(Assigned task): Locate the line that contains "Óculos de Sol" in the data that follows. Copy it and every subsequent line to the end, exactly, excluding pictures.

(Raw data):
■ ■ ■ ■ ■

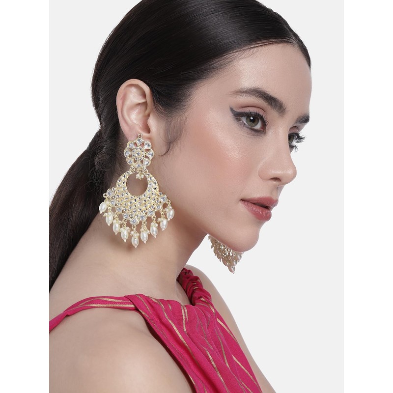 Aheli Traditional White Kundan & Pearl Studded Dangle Chandbali Earrings Ethnic Fashion Jewelry Gift for Women
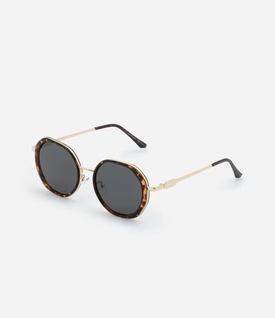 Óculos de Sol Redondo Geométrico com Revestimento Tartaruga
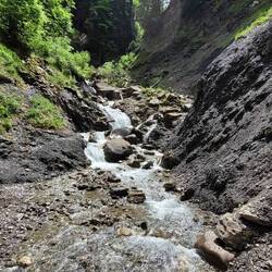 Nachdem wir heute morgen den Bus zur Breitachklamm genommen haben, sind wir auf dem Rückweg entlang der Breitach über Müllers Alpe und die Alpe Dornach zurück nach Oberstdorf gelaufen. Keine SonneMeer informatie

■ ■ ■ ■ ■

(Task response):
 Óculos de Sol Redondo Geométrico com Revestimento Tartaruga
 Nachdem wir heute morgen den Bus zur Breitachklamm genommen haben, sind wir auf dem Rückweg entlang der Breitach über Müllers Alpe und die Alpe Dornach zurück nach Oberstdorf gelaufen. Keine SonneMeer informatie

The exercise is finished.